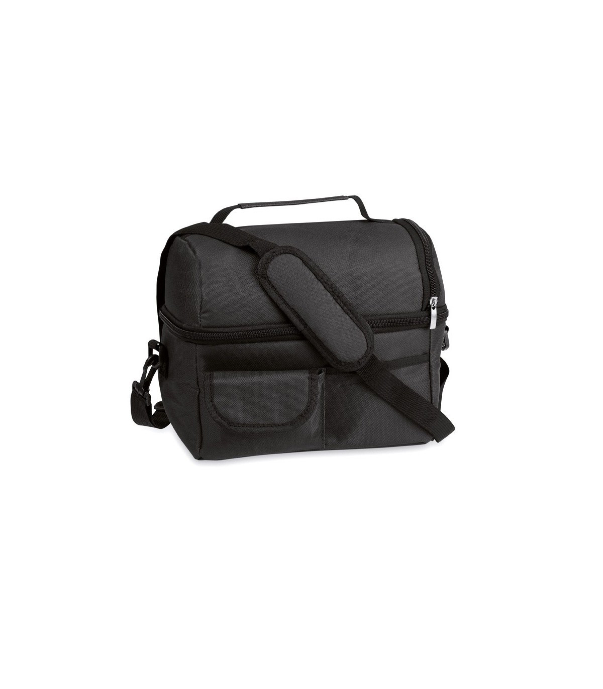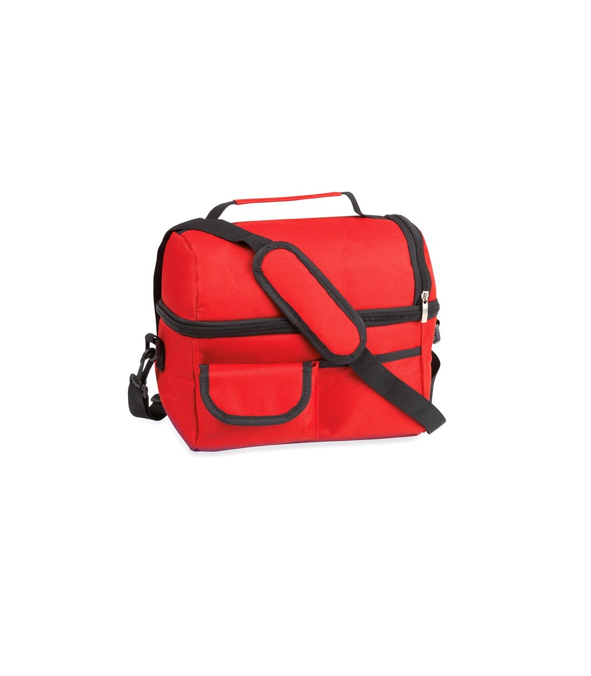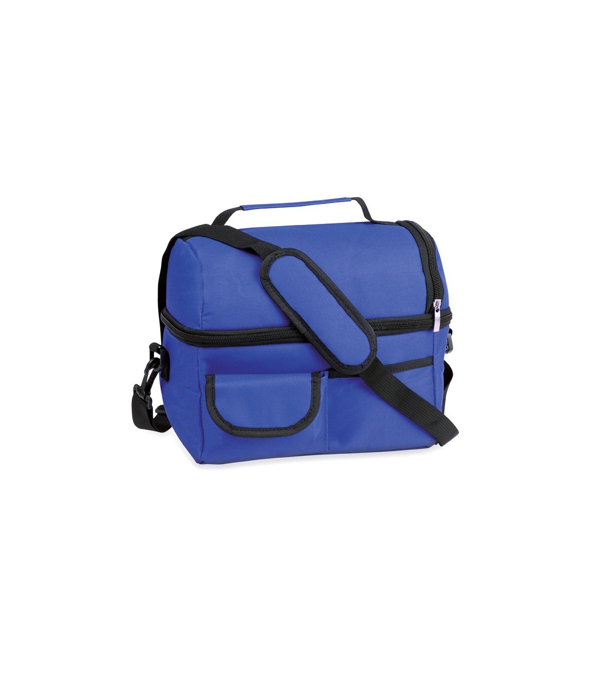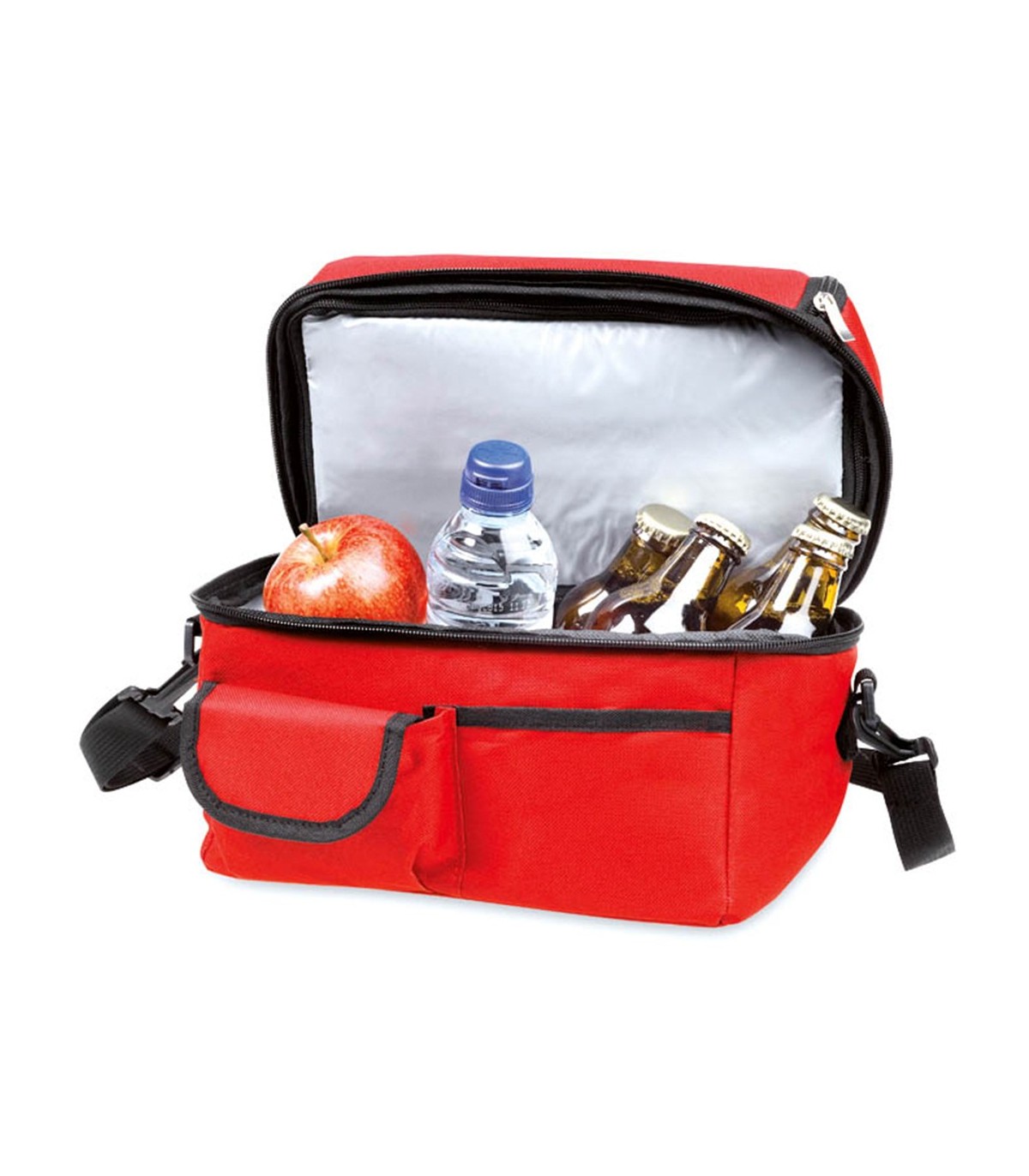 Nevera todoterreno en resistente poliéster 600D de vivos colores y con dos compartimentos independientes de cierre de cremallera. Con 2 bolsillos en parte frontal, uno de ellos con cierre de velcro y bolsillo de redecilla elástica en parte posterior. Interior isotermo en acabado de aluminio. Con cinta para hombro extensible con cierre de mosquetón y refuerzo acolchado para hombro a juego.
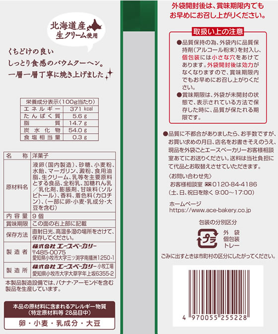 エースベーカリー 9個厚切りバウム ※軽(ご注文単位)【直送品】
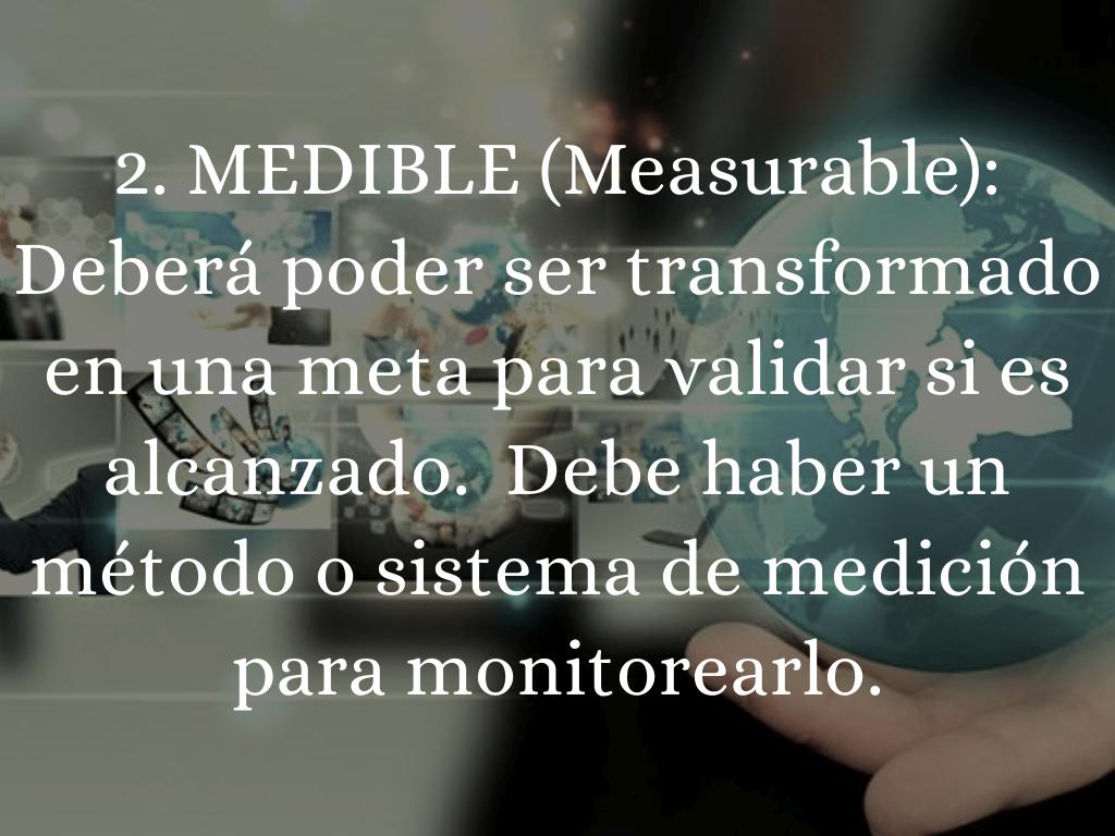 2. MEDIBLE (Measurable): Deberá poder ser transformado en una meta para validar si es alcanzado. Debe haber un método o sistema de medición para monitorearlo.
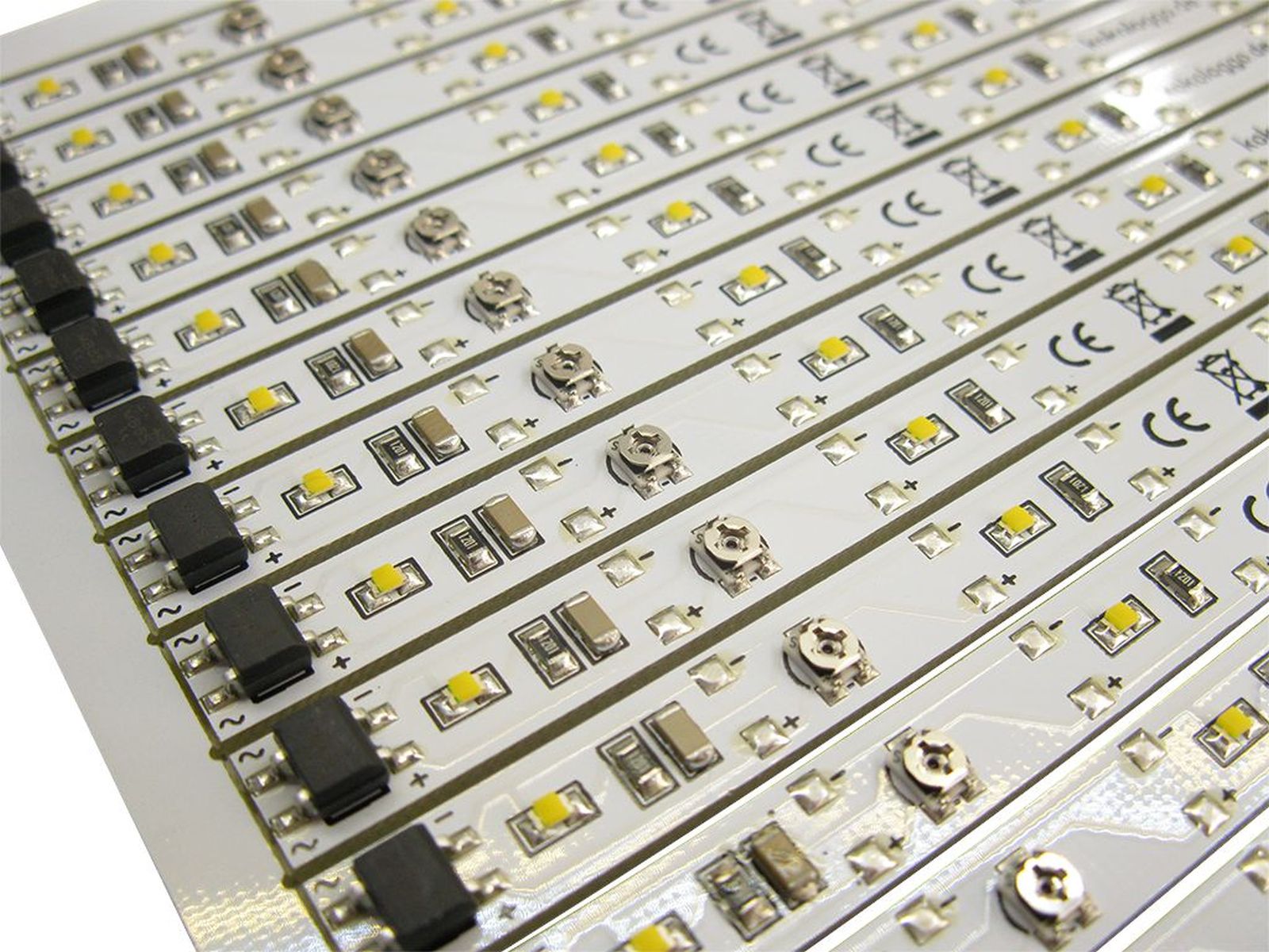 Der Platinenrand des Produktionsnutzen kann mit einer Flachzange oder den Fingern vorsichtig von den 15 Waggonbeleuchtungen getrennt werden. Die Stellen dafür sind vorperforiert.
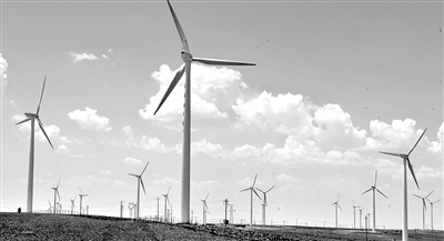 寧夏將大規(guī)模開發(fā)以風能、太陽能為代表的綠色能源。根據(jù)自治區(qū)政府最新出臺的新能源發(fā)展規(guī)劃,到2020年,寧夏風電總裝機將達到500萬千瓦以上,建成200萬千瓦太陽能光伏并網(wǎng)項目,屆時新能源發(fā)電占全區(qū)電力總裝機容量的比重達18%。圖為寧夏太陽山風力發(fā)電場一角。
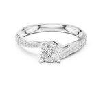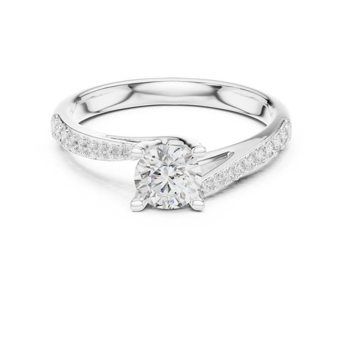 Inspired by the quiet glow of moonlight, the round-cut diamond radiates brilliance atop a diamond-studded band. Its elegant silhouette embodies purity, serenity, and timeless romance.
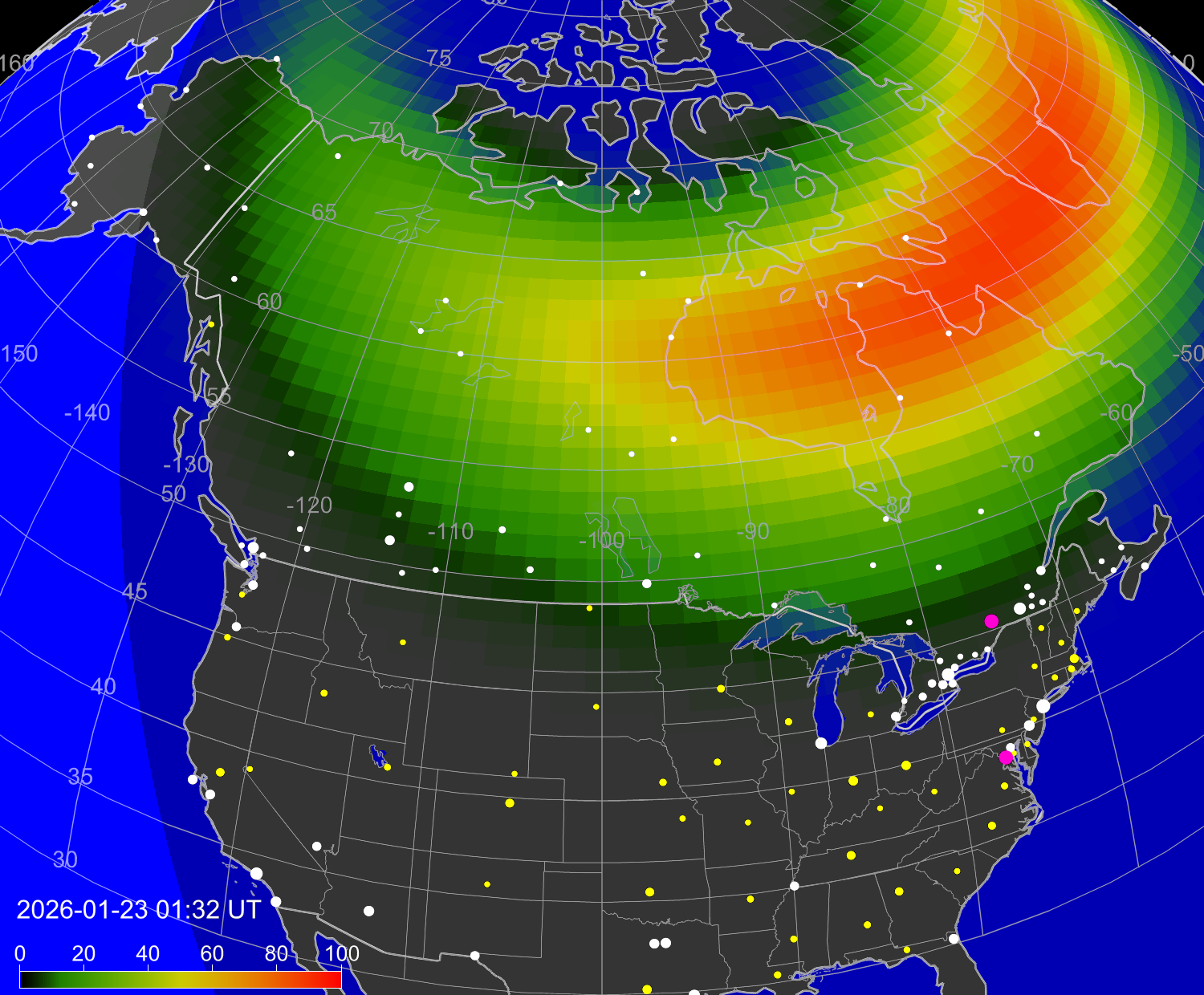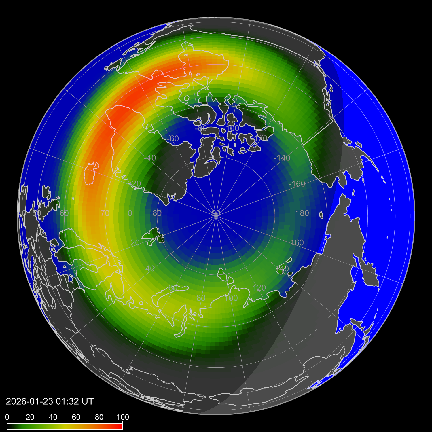Индекс интенсивности полярных сияний и теоретически возможная широта наблюдений для ночного времени в западном полушарии

------------------------------------------------

• WHAT IS NEEDED
Transcribe the whole listing exactly. Pictures stay out of your copy.

• SOLVED PROBLEM
 Nevera todoterreno en resistente poliéster 600D de vivos colores y con dos compartimentos independientes de cierre de cremallera. Con 2 bolsillos en parte frontal, uno de ellos con cierre de velcro y bolsillo de redecilla elástica en parte posterior. Interior isotermo en acabado de aluminio. Con cinta para hombro extensible con cierre de mosquetón y refuerzo acolchado para hombro a juego.
 エースベーカリー 9個厚切りバウム ※軽(ご注文単位)【直送品】
 2. MEDIBLE (Measurable): Deberá poder ser transformado en una meta para validar si es alcanzado. Debe haber un método o sistema de medición para monitorearlo.
 Der Platinenrand des Produktionsnutzen kann mit einer Flachzange oder den Fingern vorsichtig von den 15 Waggonbeleuchtungen getrennt werden. Die Stellen dafür sind vorperforiert.
 寧夏將大規(guī)模開發(fā)以風能、太陽能為代表的綠色能源。根據(jù)自治區(qū)政府最新出臺的新能源發(fā)展規(guī)劃,到2020年,寧夏風電總裝機將達到500萬千瓦以上,建成200萬千瓦太陽能光伏并網(wǎng)項目,屆時新能源發(fā)電占全區(qū)電力總裝機容量的比重達18%。圖為寧夏太陽山風力發(fā)電場一角。
 Inspired by the quiet glow of moonlight, the round-cut diamond radiates brilliance atop a diamond-studded band. Its elegant silhouette embodies purity, serenity, and timeless romance.
Индекс интенсивности полярных сияний и теоретически возможная широта наблюдений для ночного времени в западном полушарии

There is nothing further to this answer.